I sat opposite Bingley as my coach made for London.

My mood was sombre, as is common when one is forced to consequences they would rather not suffer.

The legs of my pride had been cut off at the knees, I suppose, for I went as a cripple to Longbourn, the home of my conqueror.

Elizabeth Bennet looked young to me when I saw her on the sofa with her foot on a stool.

She wore her hair in a simple style which made her face more beautiful somehow, and I wished—well, I could not allow myself to think of wishes, and I went to Mr Bennet instead.

He greeted me with surprise, and I spoke without embellishment.

George Wickham, I told him, was a known seducer, a gambler, and a cheat.

Sketching an outline of my deep knowledge of the man I had known since childhood, I skirted around the incident of Ramsgate and said only that he had nearly ruined a young lady known to me.

With cold precision I detailed the matter of the living at Kympton, the three thousand pounds George had since squandered, and the dates and amounts I settled with his creditors on four different occasions.

Mr Bennet digested this news with reluctance. He did not strike me as a man who liked to be given something to do, and I had just tasked him with information to which he must necessarily attend.

“And why do you bring this to me, Mr Darcy?” he asked in sour complaint, removing his spectacles and rubbing his eyes.

“Because your second daughter mentioned to me that Mr Wickham claims to be the injured party, and he is believed in this society. He is a dangerous man, sir. There is little he will not do for money.”

“What harm can he do here? None of us have fathered heiresses to tempt him.”

“But if one of your daughters were abducted, you would pay a ransom, would you not?” This shocked Mr Bennet and he sat up.

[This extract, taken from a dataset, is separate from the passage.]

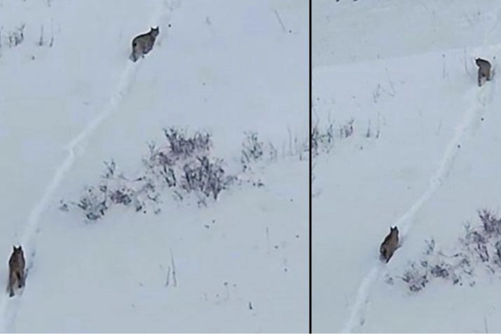 Karlı arazide peş peşe dağa tırmanırken görüntülenen vaşaklar, daha sonra gözden kayboldu.

“George Wickham,” I said plainly, “is a desperate man. I have rescued him for the last time. He has heavy debts in town, and his creditors will catch up to him. He is casting his net in this society, sir, to find a way out of difficulty.”

“Why have you just now brought this forward?”

“I have been hesitant to speak because I wished to protect the good name of the young lady of my acquaintance. Wickham would not scruple to spread scandal if he were cornered. But I have begun to see that I must take the risk or else more harm will be done. You may do what you will with this information, sir,” I said coldly.

“I cannot stay and see things righted. I am needed at my estate, and I shall take my sister out of London for the winter.”

What a dreadful task that had been! I had felt forced to confession, and it came out in a resentful burst, bitter and disgusted.

But, having done the hard duty, relief came.

Even if Wickham were to besmirch my sister’s name in Hertfordshire, his career would come to an end now.

I would put information with his creditors as to his whereabouts and take Georgiana to the country, and we would survive the consequences no matter.

“You are never jolly, Darcy,” Bingley said, startling me out of my sober recollections, “but you are positively grave this morning.”

I looked across the carriage at my friend.

He had an expression of passive amiability on his face, which was his particular gift, and I wondered whether I should tell him what I had overheard.

Yet when I imagined telling him that Jane Bennet would refuse him should he offer, that his sisters’ venom was principally to blame, I baulked.

Disclosures of this kind were an anathema to me, and I had just been through the worst one of my life.

For now, I decided I would stay out of Bingley’s business.

But that same business would intrude. Two days later, he came to my townhouse.

“You will never guess, Darcy! Hurst has brought Louisa and Caroline back from Netherfield. They shut up the house and made it dashed difficult for me to return as I planned.” He sighed loudly, which was the extent of his ability to express ire.

“I wish they had not come. I would like to go back. There are—well, I enjoyed the country.”

“Your sisters are able to decide for you, then?” I asked in a sleepy, disinterested voice.

“Well, you know Caroline. She is impossible when she does not get her way.”

And so, I offered one observation. “I pity the girl you marry, Bingley, if your sister is to be mistress of you in perpetuity.”

He looked startled. “But she will not always be with me. Caroline will marry.”

“She has yet to do so, my friend, though she is elegant and rich. Does that not tell you something?”

He looked puzzled because he was not an analytical fellow. At last his brow cleared and he laughed. “But she is waiting for you to make her an offer, Darcy.”

“She will never have me. You must tell her to move on from that ambition.”

He sighed once again and so I asked him about his business.

Bingley has a hundred thousand pounds in trust as his fortune, but he has a few remaining factories that he has been slowly selling off to distance himself altogether from the taint of trade.

His sojourn to town was for the purpose of disposing of a china factory.

Once we had dispensed with that topic, I told him I was taking Georgiana to Pemberley, and we parted ways with cordiality.

I wondered what would happen to my good-natured friend.

He was faced with two paths: he would either be his own man or live a life dominated by his older sisters.

Having troubles of my own to face, I turned my attention away from Bingley and towards my sister, for I had filial shortcomings of my own to address in the months to come.